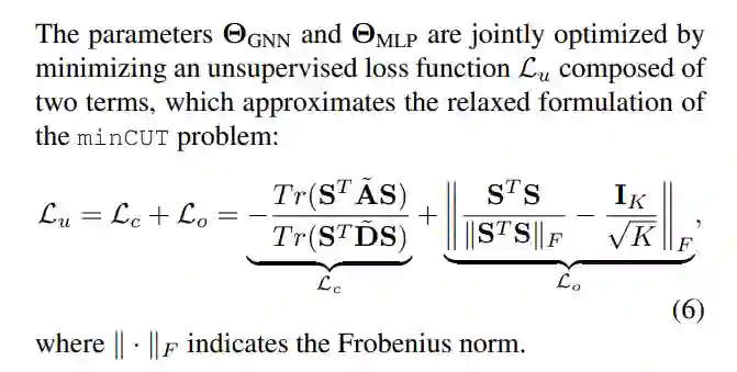 具体来看,本文提出了一种最小割的loss作为regularization,也就是下面的公式,其中L_c根据minCUT学习一个assignment matrix,使得联系紧密的communities内部更加紧凑,L_o是一个约束,约束这些assignment matrix之间不要都一样了(正交),不然所有的点都聚在一起了,这里不做过多介绍,有兴趣请查看原文,公众号后期会做进一步详细的解析,尽请关注。
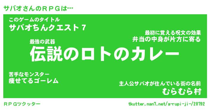 | 男性向けラノベタイトル風あだ名 | 『サバオの憂鬱』 |
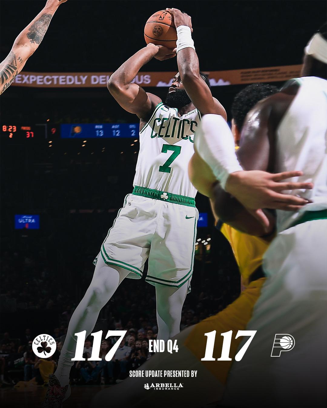 决胜时刻,布朗底角命中绝平三分,哈利伯顿三分不中,双方进入加时赛。
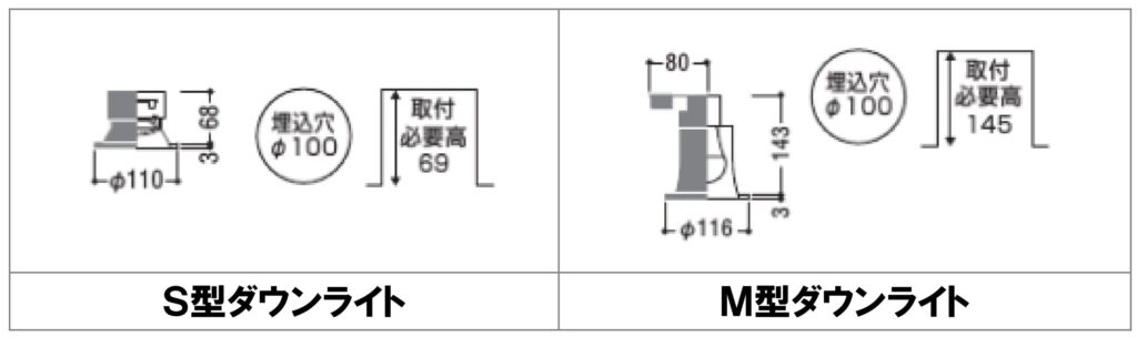 またダウンライトは、断熱材の施工の仕方によって、下図のように、大きく「S型」と「M型」に分けることができます。
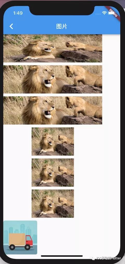 class GCImageTest extends StatefulWidget {_GCImageTestState createState() => _GCImageTestState();}class _GCImageTestState extends State<GCImageTest> {Widget buildImage (url,BoxFit fit){return Container(child: Image.network(url,fit:fit,width: 350,height: 100,),);}Widget build(BuildContext context) {return Column(mainAxisAlignment: MainAxisAlignment.start,crossAxisAlignment: CrossAxisAlignment.start,children: <Widget>[buildImage("https://ss1.bdstatic.com/70cFvXSh_Q1YnxGkpoWK1HF6hhy/it/u=2942065216,1819114681&fm=27&gp=0.jpg", BoxFit.fill),SizedBox(height: 10,),buildImage("https://ss1.bdstatic.com/70cFvXSh_Q1YnxGkpoWK1HF6hhy/it/u=2942065216,1819114681&fm=27&gp=0.jpg", BoxFit.cover),SizedBox(height: 10,),buildImage("https://ss1.bdstatic.com/70cFvXSh_Q1YnxGkpoWK1HF6hhy/it/u=2942065216,1819114681&fm=27&gp=0.jpg", BoxFit.fitWidth),SizedBox(height: 10,),buildImage("https://ss1.bdstatic.com/70cFvXSh_Q1YnxGkpoWK1HF6hhy/it/u=2942065216,1819114681&fm=27&gp=0.jpg", BoxFit.contain),SizedBox(height: 10,),buildImage("https://ss1.bdstatic.com/70cFvXSh_Q1YnxGkpoWK1HF6hhy/it/u=2942065216,1819114681&fm=27&gp=0.jpg", BoxFit.fitHeight),SizedBox(height: 10,),buildImage("https://ss1.bdstatic.com/70cFvXSh_Q1YnxGkpoWK1HF6hhy/it/u=2942065216,1819114681&fm=27&gp=0.jpg", BoxFit.scaleDown),SizedBox(height: 10,),FadeInImage.assetNetwork(image:"",placeholder:"lib/static/express_list_icon@2x.png",)],);}}
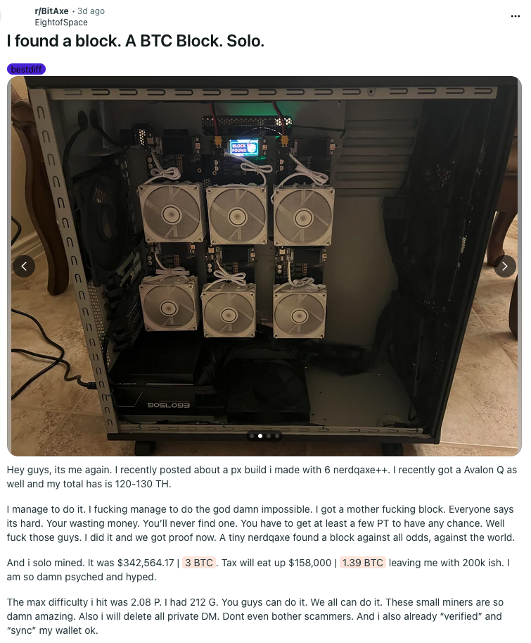 Here's a feel good story to start your week. On Thursday of last week, at block height 920,440 a solo miner with 6 nerdqaxe++'s producing 120-130 TH/s (not a lot of hash rate for the uninitiated) found the hash below the difficulty target and successfully added a block of transactions to the bitcoin ledger and was awarded 3.141 bitcoin (3.125btc subsidy + .016btc in transaction fees) for his work. You absolutely love to see it.
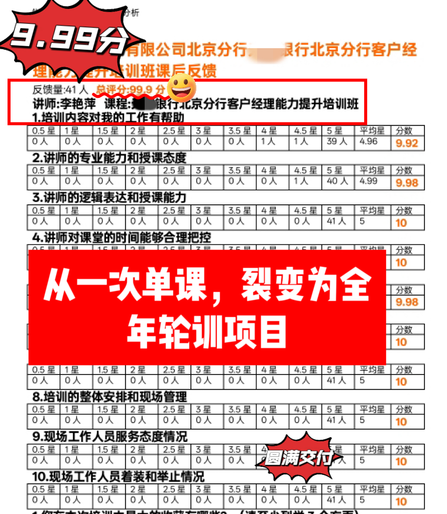 李老师曾任职于农业银行湖北分行10余年,先后从事过综合柜员、大堂经理、个人综合客户经理、对公综合客户经理、网点负责人、支行行长等职务,熟透银行对公和对私所有一线银行营销岗位,擅长以产品分层为导向的全场景营销法及客群细分为导向的全客群营销法,将自身经验融入到培训方案中,为银行赋能:
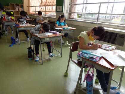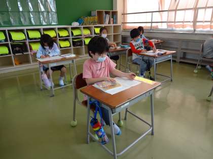 国語科の学習で、詩「あさのおひさま」を視写しました。手本をよく見ながら丁寧に文字を書きました。また、余白には、想像を膨らませて、挿絵も描きました。
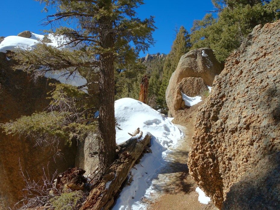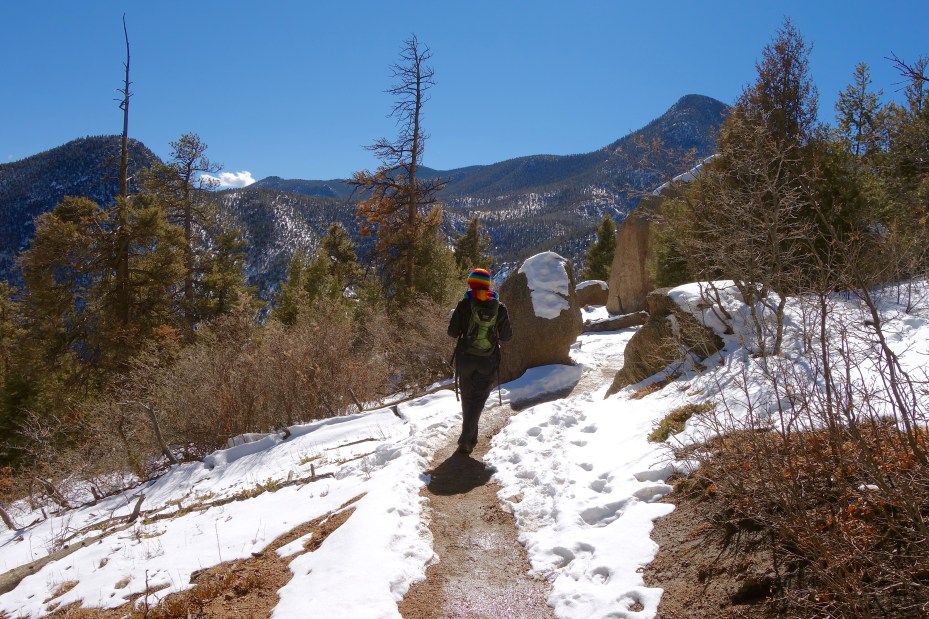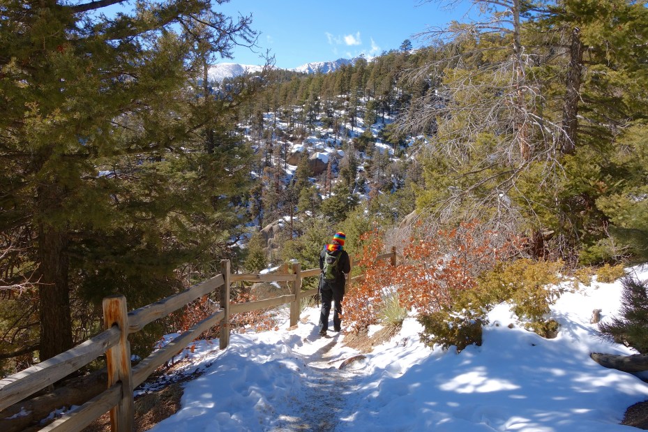 This is another connection to Barr Trail. From the top of the Incline to Base Camp via the trail is almost three miles, but you travel a lot faster going down than coming up. It’s a gorgeous trail even in midwinter.
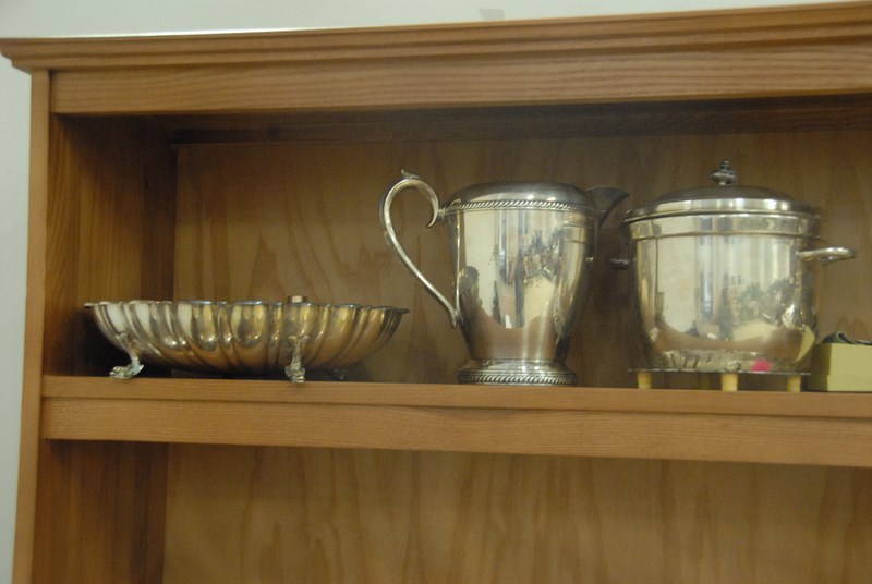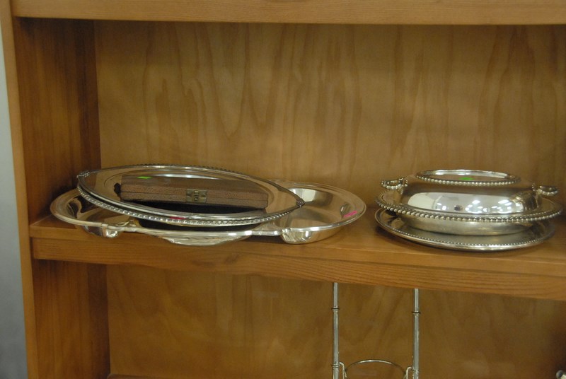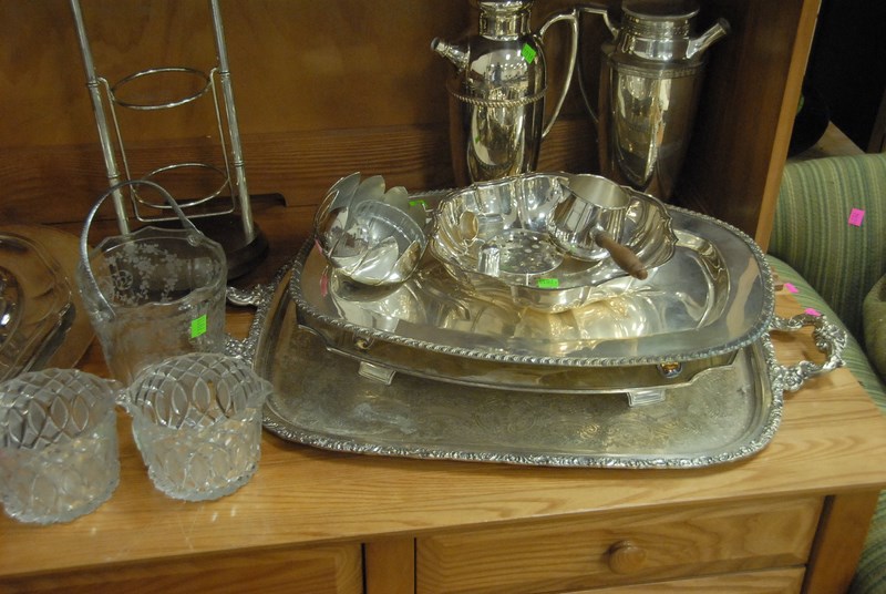 Lot 133: Large silverplate lot including warming dish, several platters, bowls, ice bucket, enameled demitasse spoons, etc.
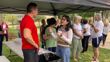 Melissa and Matt vandenBerg host a dinner for resident assistants at the Pritchard House.
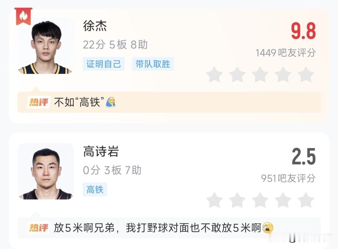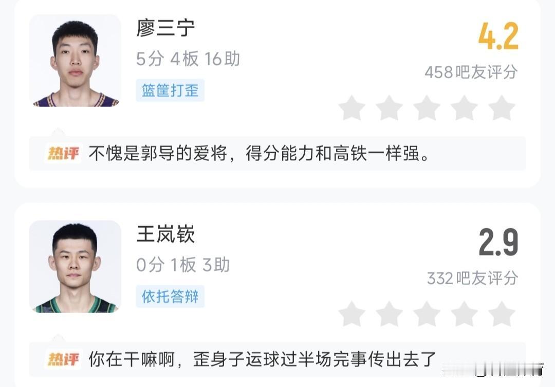 都不愿意看到高诗岩拿0分“一枝独秀”吗?王岚嵚、张镇麟两位国手,就站了出来也拿0分? 国家队名单上就12个人,这连着3个国手都拿了0分,真不怪打韩国队时,进攻磕磕绊绊的,没一个人能站出来得分。 还有另一位国手廖三宁,今晚表现同样出色,以14投2中的“超高命中率”拿下5分。 也难怪徐杰入选不了国家队,你一人得分比国家队四位球员加起来都多,这不是在破坏球队平衡与团结吗?
——
§ **About this task**
Please reproduce, word for word, only the lines from the line that holds "This is another" through the final line of the entries above, omitting any pictures.

§ **Output for this task**
 This is another connection to Barr Trail. From the top of the Incline to Base Camp via the trail is almost three miles, but you travel a lot faster going down than coming up. It’s a gorgeous trail even in midwinter.
 Lot 133: Large silverplate lot including warming dish, several platters, bowls, ice bucket, enameled demitasse spoons, etc.
 Melissa and Matt vandenBerg host a dinner for resident assistants at the Pritchard House.
 都不愿意看到高诗岩拿0分“一枝独秀”吗?王岚嵚、张镇麟两位国手,就站了出来也拿0分? 国家队名单上就12个人,这连着3个国手都拿了0分,真不怪打韩国队时,进攻磕磕绊绊的,没一个人能站出来得分。 还有另一位国手廖三宁,今晚表现同样出色,以14投2中的“超高命中率”拿下5分。 也难怪徐杰入选不了国家队,你一人得分比国家队四位球员加起来都多,这不是在破坏球队平衡与团结吗?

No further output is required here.